Public Service Announcement
by Lorin Clarke @lorinimus
For some people, 2020 was the year they were born. To be born at all is a statistical miracle, so well done to them for starters. But also: who knows what future geniuses have just arrived among us? Who knows what wonderful parents they might become, what rewarding friends, what revolutionary spirits determined to make the world a better place? Artists or vets or therapists or people who are really good at opening packets of things that nobody else in the family can manage. Some people, in 2020, found each other. Friends were made. A few people, this year, were just friends, until suddenly they were more than that, and 2020 could throw anything at them and they soared above all of it, gleeful and distracted, their thoughts sneaking back to each other whenever there was a gap in the thought-traffic. In the middle of Melbourne’s strictest COVID lockdown, there was a police officer standing in the street when I went to put the rubbish out. He had his arms crossed and was looking directly up. It was after curfew. I thought he might be looking for the police helicopter. I was about to ask about it when he said, still looking up, “You noticed the stars are brighter in lockdown? Not as much light pollution.” Not enough to redeem 2020, but it was a nicer moment than it could have been. 2020 sometimes felt like being dumped by an absolute monster wave – but you stood up! You hauled
air into your lungs! You opened your eyes! And – kapow! – another wave, right at you. No time for breath. A hurtling wall of power and seaweed and someone else’s surfboard and it just kept happening. But it’s funny how that can give you a sense of perspective. You emerge exhilarated, victorious. For me, one of the waves this year involved a trip to the children’s hospital. Turns out, a broken kneecap is a gangster cliché for a reason. It’s very painful.

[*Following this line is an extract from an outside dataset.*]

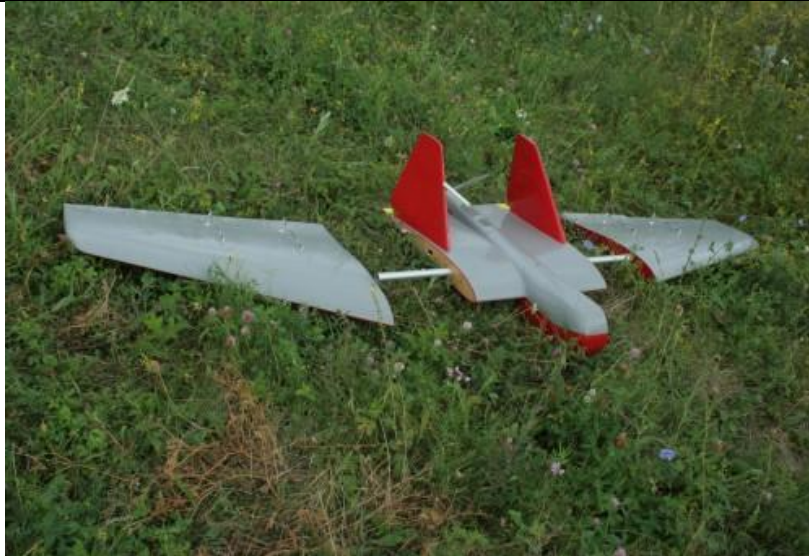
17. ábra T-3 RPA szétszerelt helyzetben

A T-3 RPA STA3x irányító rendszerrel rendelkezik. Ennek a rendszernek az alkalmazásával teljesen automata üzemmódban tud repülni az operátor beavatkozása nélkül.

Waiting in hospital with a kid dealing with a gangster injury might seem like a terrible thing to be doing right at the end of 2020 – and it is…but at moments like that, perspective is everywhere. Medical workers are so impressive. Medicare is amazing, too – you’re not sitting there dreading an astronomical bill. You look around and see everyone – from all walks of life – waiting quietly for their child to be seen by experts. Some of the children have minor injuries – a broken finger, say – and others are far too familiar with the place. Looking around, a small hand gripping mine, I realised not for the first time in 2020 that contrary to considerable evidence to the contrary, people can be so excellent. They can be terrible, sure, but they can be brilliant, and kind, and helpful, and 2020 has also reminded us that if they aren’t these things, sometimes they get voted out. It’s true that you shouldn’t judge a book by its cover, but some book covers are lovely. Some book covers make you think about the book differently, and you have to keep checking back on the cover as you read on, to help you imagine your way into the story. 2020, if it were a book, would look from its cover like a truly awful read – and yes, much of it was frankly unreadable – but there were people working on vaccines and future geniuses being born and funny nurses in children’s hospitals and police officers looking at the stars. 2020 was the worst. 2021 might even be better – it wouldn’t be hard. False positivity is the worst, and learning lessons from adversity is boring. But 2020 had some tiny moments of loveliness buried in among the horror – and thank goodness for that.
Lorin Clarke is a Melbourne-based writer. The second season of her radio series, The Fitzroy Diaries, is on ABC Radio National and the ABC Listen app now.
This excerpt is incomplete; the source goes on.